Netview.Nv6kTBSMDirect

NetView-TBSM Integration: Passing correlated events to TBSM through the common listener.

The TBSM adapter for NetView, out of the box, is relatively simple to configure. After an initial bulk upload, subsequent topology changes & traps are reflected in the console.

That's fine, but, how do I get correlated events directly through the Common Listener without going through T/EC? Unfortunately, in our enterprise network, ICMP timeouts are quite common (unless a 30+ second timeout is specified). With 1500+ remote sites, this would greatly increase our polling interval beyond requirements. Yet we want to avoid false-negatives. Since the CL listens to trapd.trace, nvcorrd is out of the picture. The main reason for going direct is that Resource Objects created through T/EC lack the details provided with NetView's bulk upload, and lack the detailed NetView topology.

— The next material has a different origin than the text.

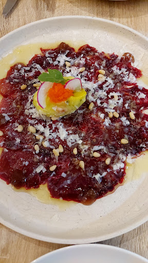 Situado en el centro, a espaldas del centro de interpretación del vino y la sal, que también es oficina de turismo. Local amplio, luminoso, no muy recargado de decoración cuenta, además, con mesas en la calle, que es semi peatonal. La carta no es muy extensa, pero cuenta con un poco de todo; tapas, para compartir, un par de arroces, carnes y pescado. Teníamos reserva y al llegar nos encontramos con la mesa montada y en el centro la carta y una tablilla con un “simple” folio para los fuera de carta CON SU PRECIO (lo que cuesta que todos los locales hagan esto). La atención por parte del personal de sala es muy cercana. La persona que nos tomo la comanda, nos sugirió un par de platos y se encargo de dar el orden de salida de los platos, que llegaron a un muy buen ritmo. Toda la comida estuvo espectacular, a destacar el carpaccio de paladar de atún, el crujiente de atún ahumado y el gazpacho de mango (aunque tenia más textura de salmorejo). Muy rica la tarta de queso, sin base de galleta, a la que le faltaba algo más de sabor a queso. Sitio muy recomendable para un...

Here is a distributed MLM/NetView configuration which addresses such needs. Mind you, this is what seemed logical to me at the time. The TBSM development team weren't to interested in modifying their NetView CL to allow for correlated events from nvcorrd, let alone traps from other enterprises. Leslie Clark(and others) have described methods of trap re-generation(taking a trap and generating an nv6k enterprise event like ifDown/Up), so I let MLM filters and actions create nv6000 events which will flow through the CL. As long as the trap ID appears in the topxtrapgate.conf(uncommented), it will get to TBSM.

* Each remote site has an MLM(NT) polling all required LAN nodes, and its router's interfaces from within (trap destination is the Corporate NetView/MLM server).

* The Corporate NetView server runs MLM for receiving and processing MLM enterprise events from each downstream site, much like the attended-MLM scenario used on the NT platform.

* For the initial Bulk Upload, everything should be in a "managed state" so it appears managed in TBSM resource view. After the bulk upload completes, set all nodes being polled by the hub MLM or remote MLM to "unmanaged". This will prevent netmon from needlessly re-pinging the down interface/node when an MLM sourced Status or Session event is entered in trapd.trace . This is what the filters and their action scripts are for.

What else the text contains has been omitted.